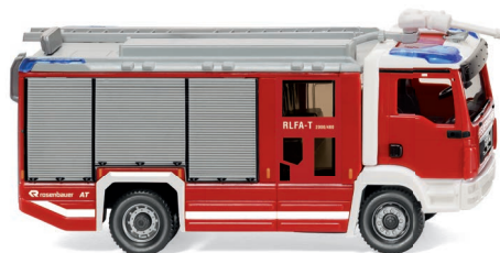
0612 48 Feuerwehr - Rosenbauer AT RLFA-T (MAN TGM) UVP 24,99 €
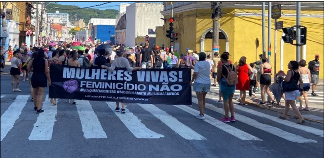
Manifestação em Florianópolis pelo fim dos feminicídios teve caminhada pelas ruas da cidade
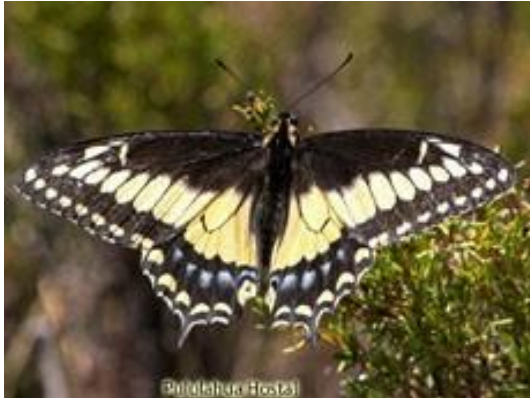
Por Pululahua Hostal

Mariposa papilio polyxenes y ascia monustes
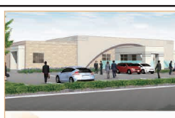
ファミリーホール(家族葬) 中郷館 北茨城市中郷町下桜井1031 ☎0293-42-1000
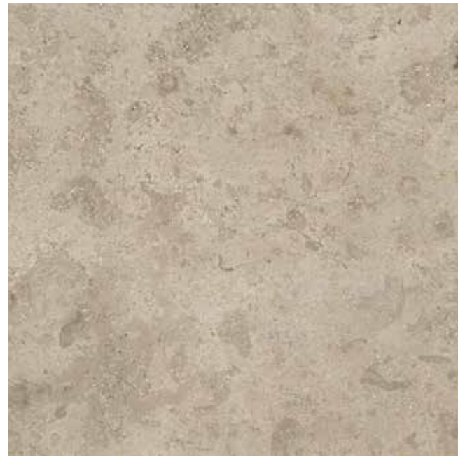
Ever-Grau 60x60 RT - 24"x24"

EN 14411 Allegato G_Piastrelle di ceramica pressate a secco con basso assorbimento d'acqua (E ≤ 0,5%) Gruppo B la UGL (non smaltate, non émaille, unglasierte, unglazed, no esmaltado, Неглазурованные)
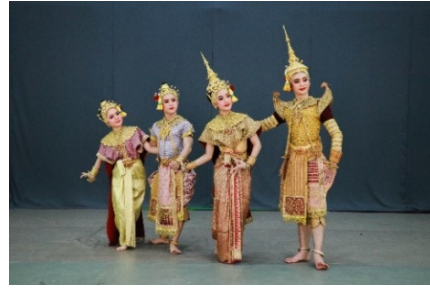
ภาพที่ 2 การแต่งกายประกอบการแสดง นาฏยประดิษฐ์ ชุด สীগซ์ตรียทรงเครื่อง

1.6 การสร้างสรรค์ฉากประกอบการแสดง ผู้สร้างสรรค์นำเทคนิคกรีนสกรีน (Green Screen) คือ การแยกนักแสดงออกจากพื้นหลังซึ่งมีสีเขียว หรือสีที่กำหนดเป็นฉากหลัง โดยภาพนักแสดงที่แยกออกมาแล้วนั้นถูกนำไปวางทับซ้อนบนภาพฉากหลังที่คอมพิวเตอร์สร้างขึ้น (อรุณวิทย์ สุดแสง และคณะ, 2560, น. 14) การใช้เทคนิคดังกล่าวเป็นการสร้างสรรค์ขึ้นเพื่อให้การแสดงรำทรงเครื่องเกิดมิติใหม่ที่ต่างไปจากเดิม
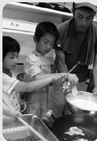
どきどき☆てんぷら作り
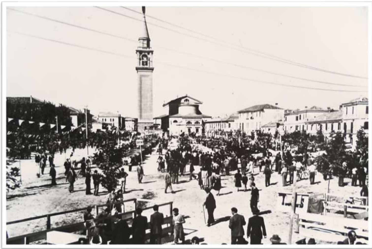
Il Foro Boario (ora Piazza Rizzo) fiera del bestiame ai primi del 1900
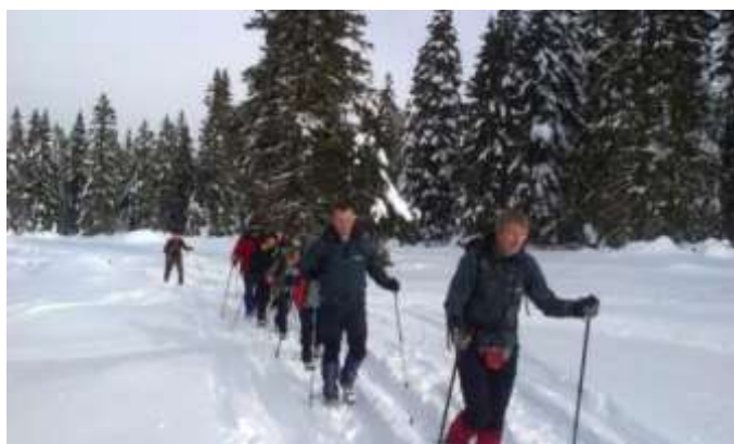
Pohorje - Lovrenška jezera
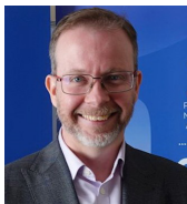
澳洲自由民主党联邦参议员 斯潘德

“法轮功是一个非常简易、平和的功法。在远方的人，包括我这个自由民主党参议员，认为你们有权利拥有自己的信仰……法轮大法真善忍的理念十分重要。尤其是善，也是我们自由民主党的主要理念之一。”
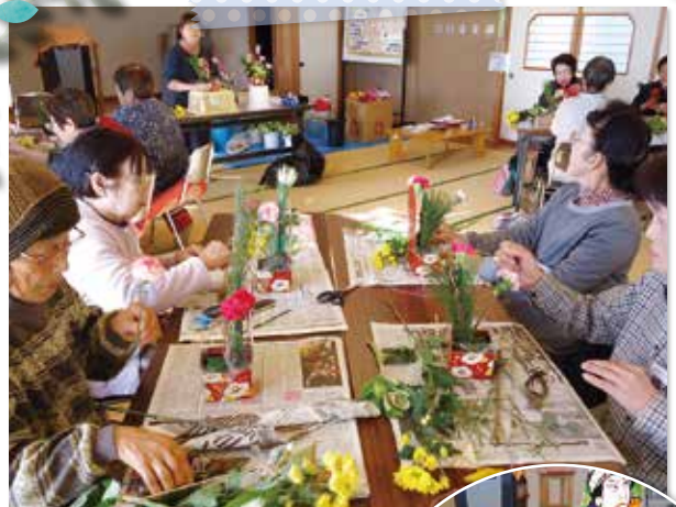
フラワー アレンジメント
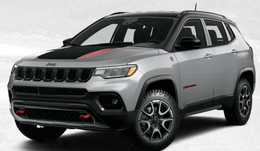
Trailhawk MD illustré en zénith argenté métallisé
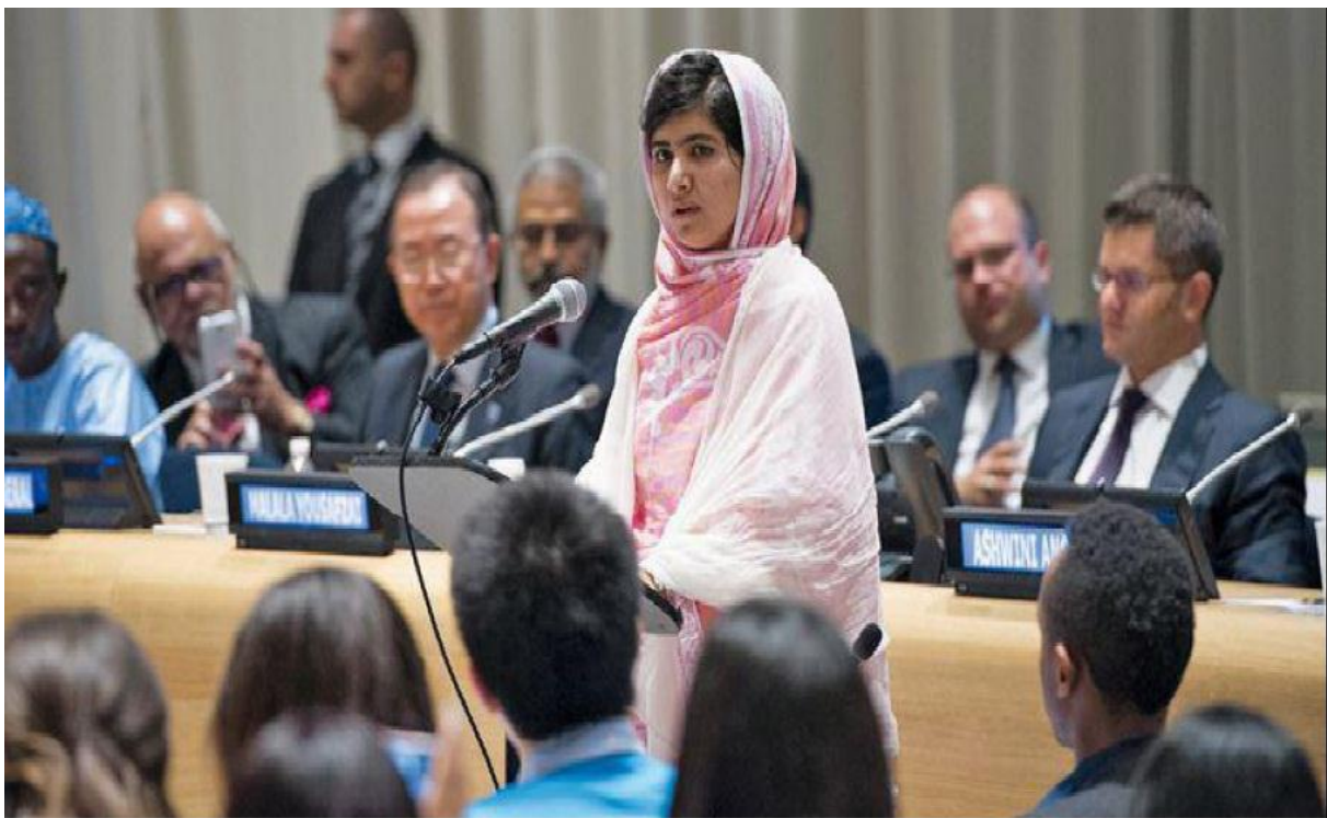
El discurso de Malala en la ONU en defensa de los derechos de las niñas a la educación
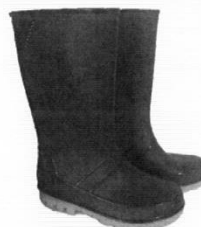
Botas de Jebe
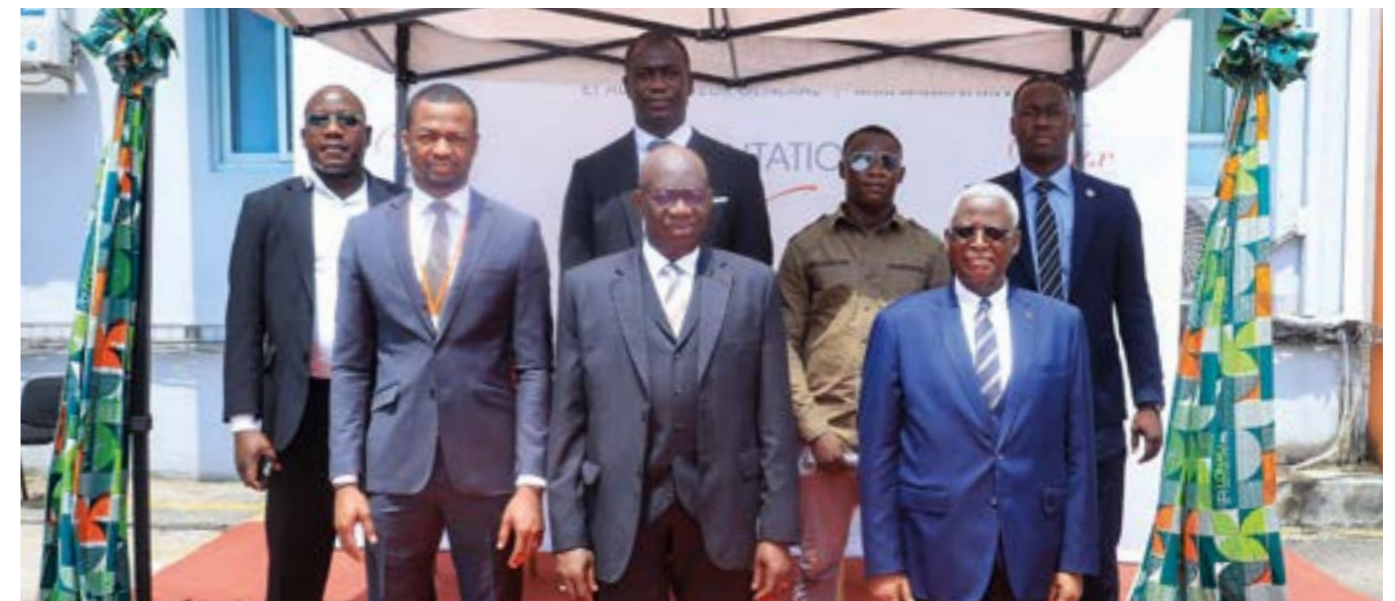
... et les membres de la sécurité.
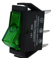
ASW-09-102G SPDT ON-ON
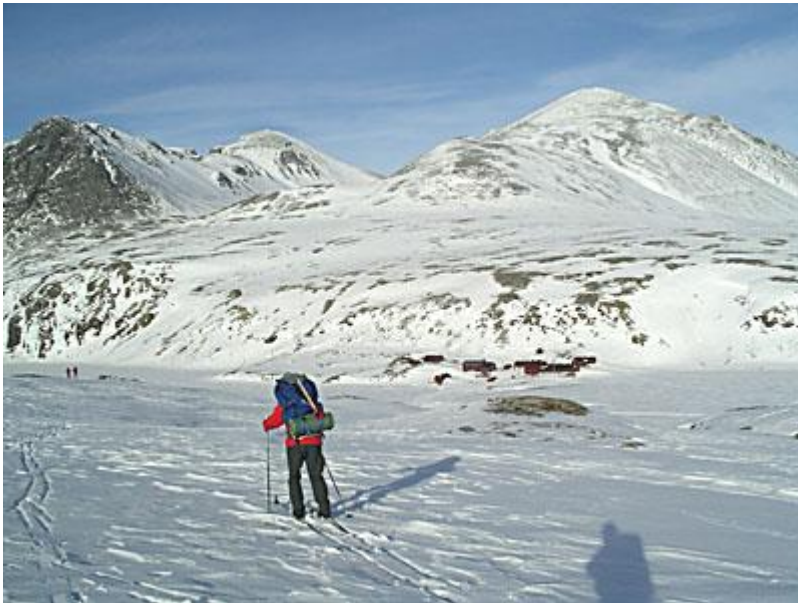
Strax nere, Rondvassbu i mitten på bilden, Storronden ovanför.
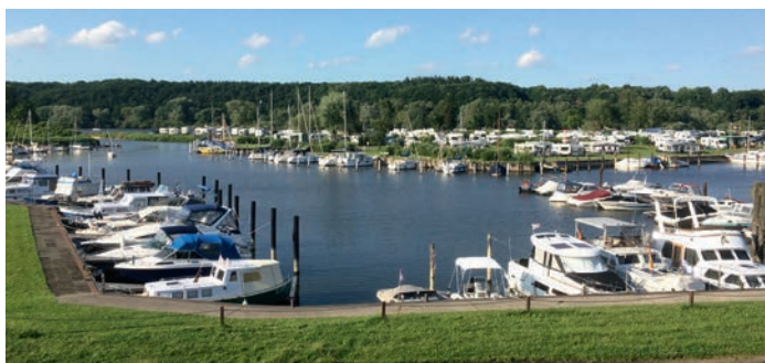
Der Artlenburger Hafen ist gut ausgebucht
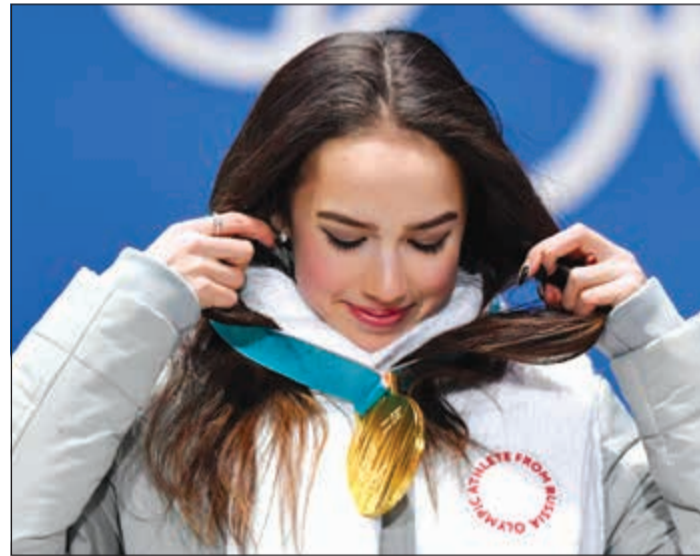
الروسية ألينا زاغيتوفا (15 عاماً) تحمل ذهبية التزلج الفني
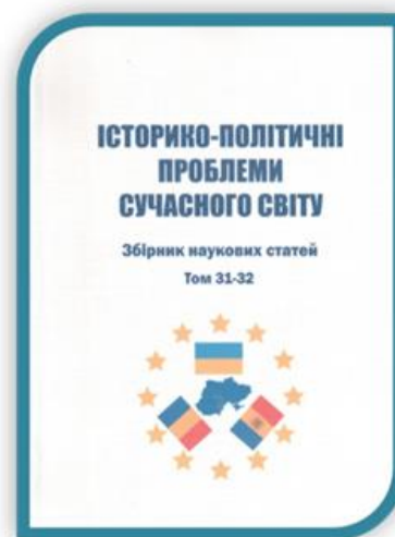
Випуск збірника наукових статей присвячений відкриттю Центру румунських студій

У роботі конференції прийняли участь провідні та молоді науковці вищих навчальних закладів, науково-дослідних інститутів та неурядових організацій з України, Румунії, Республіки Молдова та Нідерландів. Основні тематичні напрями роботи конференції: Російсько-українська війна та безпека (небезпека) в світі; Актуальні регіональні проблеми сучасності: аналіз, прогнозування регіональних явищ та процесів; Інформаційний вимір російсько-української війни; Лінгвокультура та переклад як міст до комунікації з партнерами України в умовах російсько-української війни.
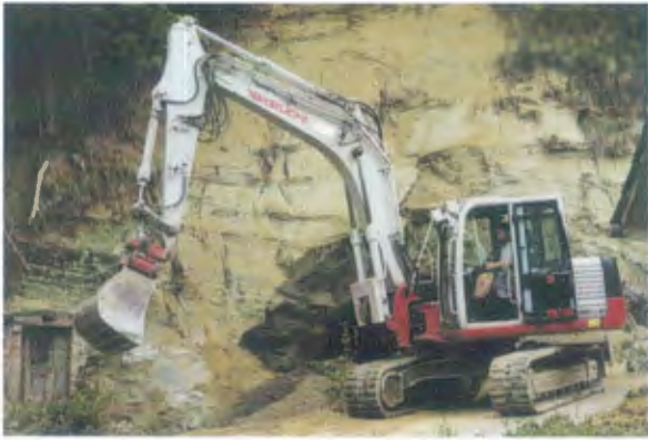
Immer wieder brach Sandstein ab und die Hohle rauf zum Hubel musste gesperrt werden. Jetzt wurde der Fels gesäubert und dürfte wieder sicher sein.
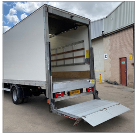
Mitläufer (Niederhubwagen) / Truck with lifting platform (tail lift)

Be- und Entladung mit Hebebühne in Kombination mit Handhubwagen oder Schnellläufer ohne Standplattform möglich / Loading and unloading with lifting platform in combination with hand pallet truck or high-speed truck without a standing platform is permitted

*Work required:* Exactly as written, reproduce all of the entries while dropping the pictures.

*Response area:*
0612 48 Feuerwehr - Rosenbauer AT RLFA-T (MAN TGM) UVP 24,99 €
Manifestação em Florianópolis pelo fim dos feminicídios teve caminhada pelas ruas da cidade
Por Pululahua Hostal

Mariposa papilio polyxenes y ascia monustes
ファミリーホール(家族葬) 中郷館 北茨城市中郷町下桜井1031 ☎0293-42-1000
Ever-Grau 60x60 RT - 24"x24"

EN 14411 Allegato G_Piastrelle di ceramica pressate a secco con basso assorbimento d'acqua (E ≤ 0,5%) Gruppo B la UGL (non smaltate, non émaille, unglasierte, unglazed, no esmaltado, Неглазурованные)
ภาพที่ 2 การแต่งกายประกอบการแสดง นาฏยประดิษฐ์ ชุด สীগซ์ตรียทรงเครื่อง

1.6 การสร้างสรรค์ฉากประกอบการแสดง ผู้สร้างสรรค์นำเทคนิคกรีนสกรีน (Green Screen) คือ การแยกนักแสดงออกจากพื้นหลังซึ่งมีสีเขียว หรือสีที่กำหนดเป็นฉากหลัง โดยภาพนักแสดงที่แยกออกมาแล้วนั้นถูกนำไปวางทับซ้อนบนภาพฉากหลังที่คอมพิวเตอร์สร้างขึ้น (อรุณวิทย์ สุดแสง และคณะ, 2560, น. 14) การใช้เทคนิคดังกล่าวเป็นการสร้างสรรค์ขึ้นเพื่อให้การแสดงรำทรงเครื่องเกิดมิติใหม่ที่ต่างไปจากเดิม
どきどき☆てんぷら作り
Il Foro Boario (ora Piazza Rizzo) fiera del bestiame ai primi del 1900
Pohorje - Lovrenška jezera
澳洲自由民主党联邦参议员 斯潘德

“法轮功是一个非常简易、平和的功法。在远方的人，包括我这个自由民主党参议员，认为你们有权利拥有自己的信仰……法轮大法真善忍的理念十分重要。尤其是善，也是我们自由民主党的主要理念之一。”
フラワー アレンジメント
Trailhawk MD illustré en zénith argenté métallisé
El discurso de Malala en la ONU en defensa de los derechos de las niñas a la educación
Botas de Jebe
... et les membres de la sécurité.
ASW-09-102G SPDT ON-ON
Strax nere, Rondvassbu i mitten på bilden, Storronden ovanför.
Der Artlenburger Hafen ist gut ausgebucht
الروسية ألينا زاغيتوفا (15 عاماً) تحمل ذهبية التزلج الفني
Випуск збірника наукових статей присвячений відкриттю Центру румунських студій

У роботі конференції прийняли участь провідні та молоді науковці вищих навчальних закладів, науково-дослідних інститутів та неурядових організацій з України, Румунії, Республіки Молдова та Нідерландів. Основні тематичні напрями роботи конференції: Російсько-українська війна та безпека (небезпека) в світі; Актуальні регіональні проблеми сучасності: аналіз, прогнозування регіональних явищ та процесів; Інформаційний вимір російсько-української війни; Лінгвокультура та переклад як міст до комунікації з партнерами України в умовах російсько-української війни.
Immer wieder brach Sandstein ab und die Hohle rauf zum Hubel musste gesperrt werden. Jetzt wurde der Fels gesäubert und dürfte wieder sicher sein.
Mitläufer (Niederhubwagen) / Truck with lifting platform (tail lift)

Be- und Entladung mit Hebebühne in Kombination mit Handhubwagen oder Schnellläufer ohne Standplattform möglich / Loading and unloading with lifting platform in combination with hand pallet truck or high-speed truck without a standing platform is permitted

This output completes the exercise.